===== Information provided

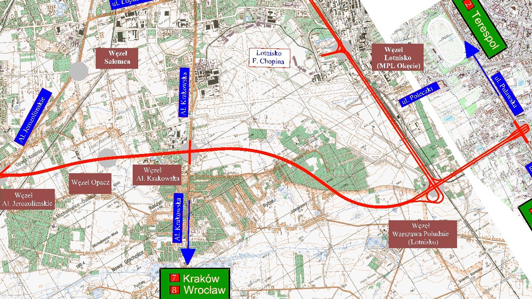 Podróżujący z zachodu autostradą A2 lub ekspresową ósemką z Bemowa czy Bielan, na węźle Konotopa wjeżdżają na trasę główną, gdzie mają do dyspozycji po trzy pasy ruchu w każdym kierunku.
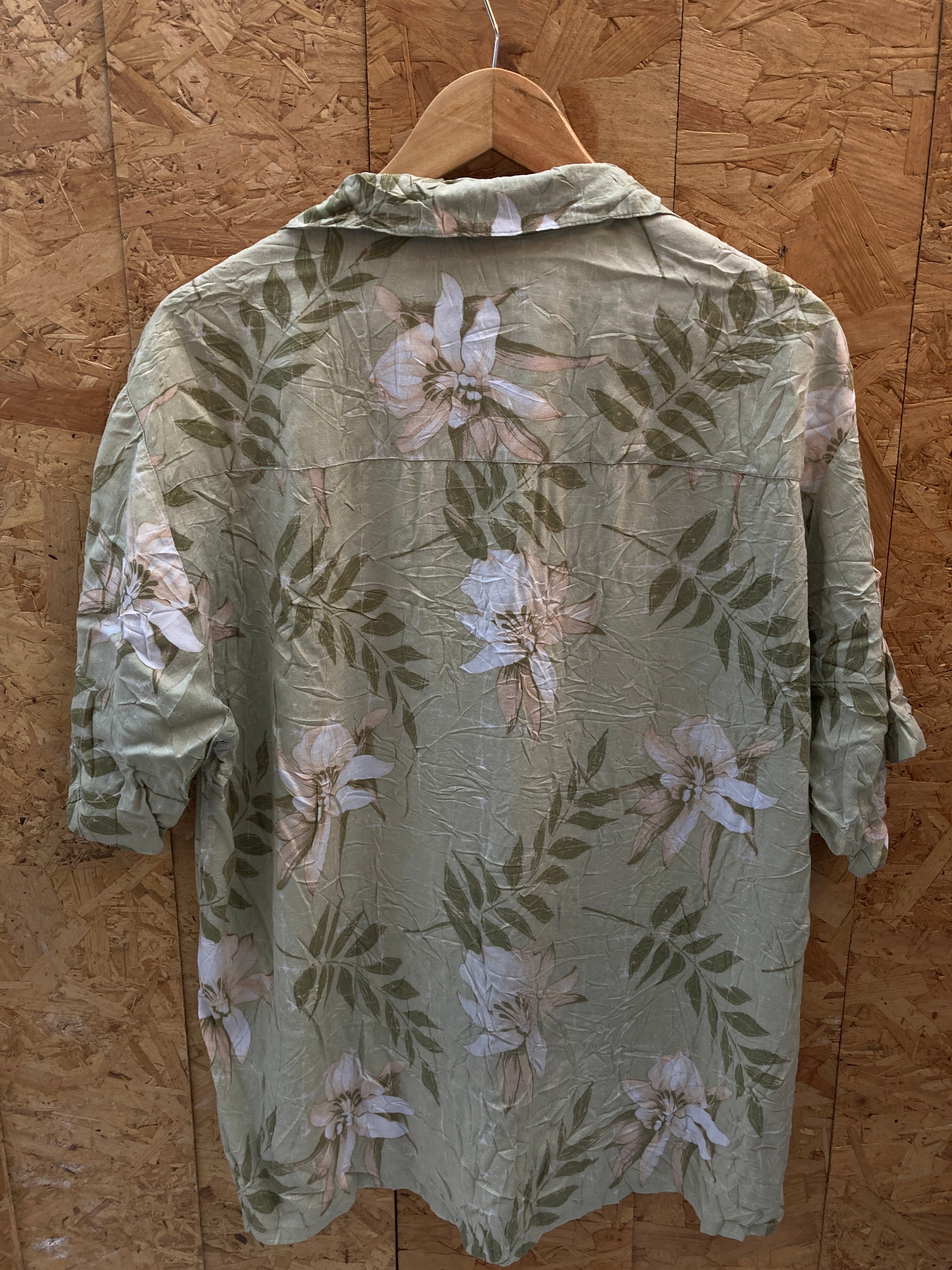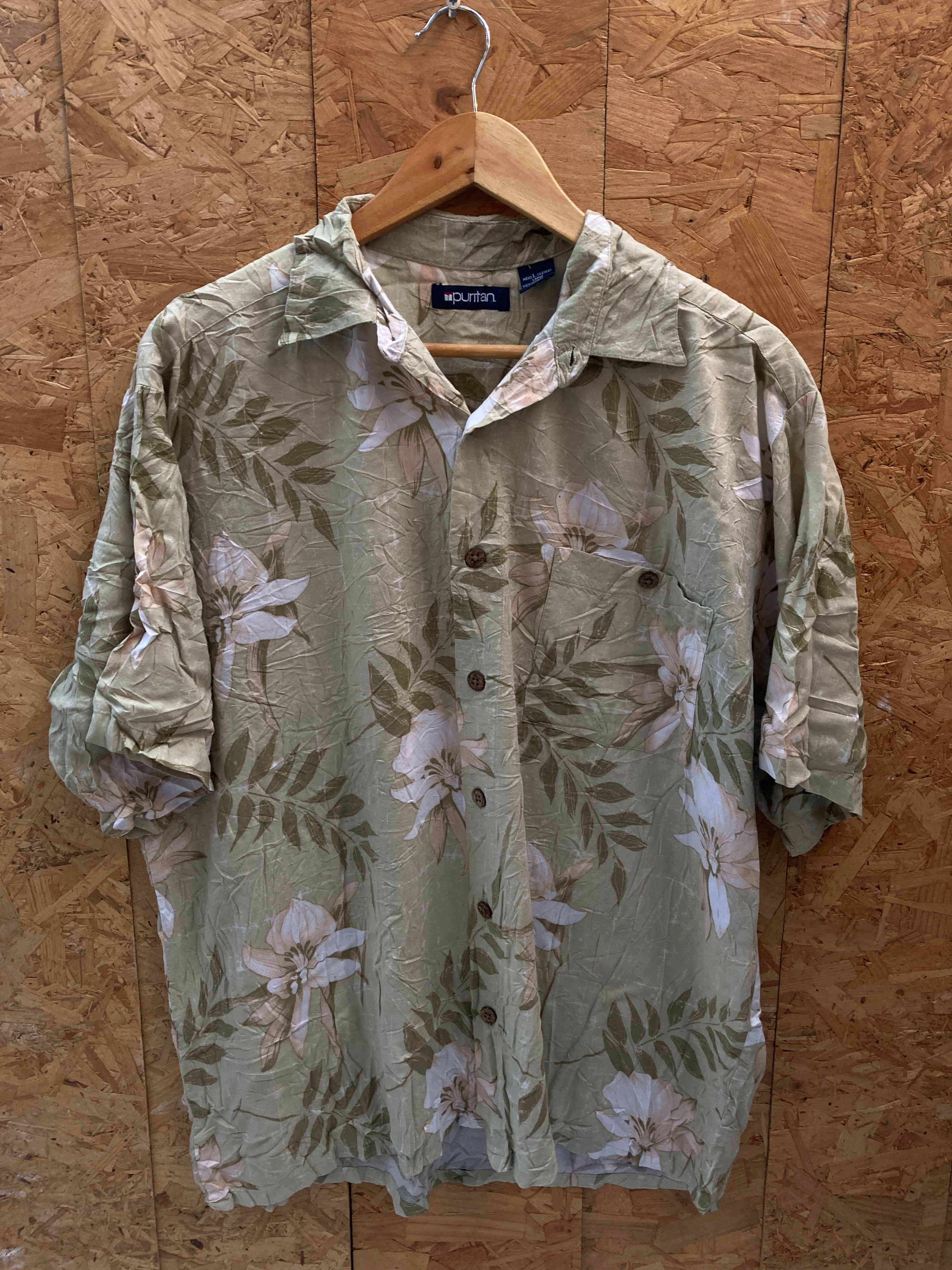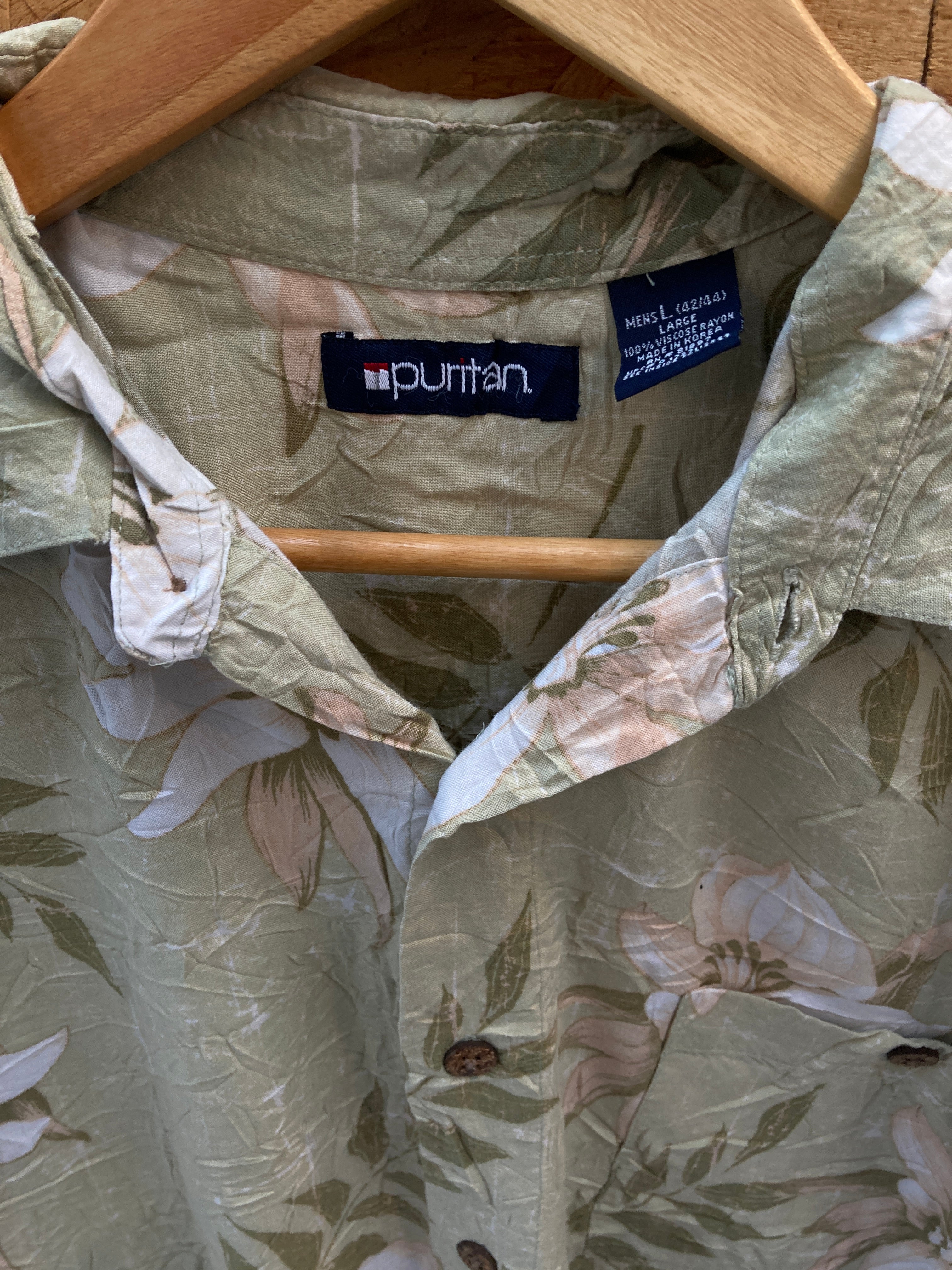 Vintage 90s pastel green beige viscose hibiscus pattern Hawaiian shirt size large by Puritan
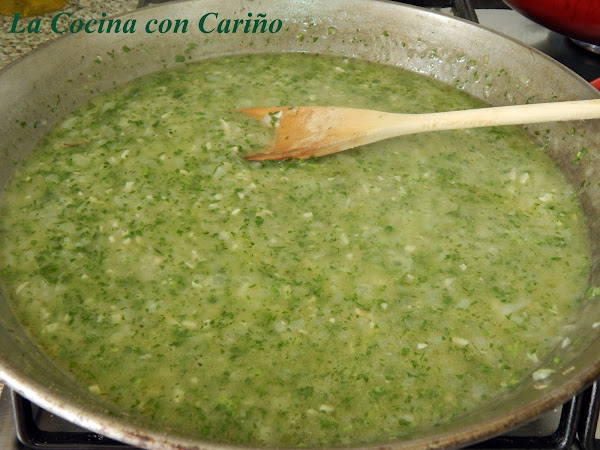 Un ramillete de perejil, cortado muy pequeñito. Hacemos una muñequilla con el perejil y le damos una sesión de corte con el cuchillo afilado y listo.

==========

Work order :: The data above is to be printed exactly, all of it, except for the pictures.

Output ::
 Podróżujący z zachodu autostradą A2 lub ekspresową ósemką z Bemowa czy Bielan, na węźle Konotopa wjeżdżają na trasę główną, gdzie mają do dyspozycji po trzy pasy ruchu w każdym kierunku.
 Vintage 90s pastel green beige viscose hibiscus pattern Hawaiian shirt size large by Puritan
 Un ramillete de perejil, cortado muy pequeñito. Hacemos una muñequilla con el perejil y le damos una sesión de corte con el cuchillo afilado y listo.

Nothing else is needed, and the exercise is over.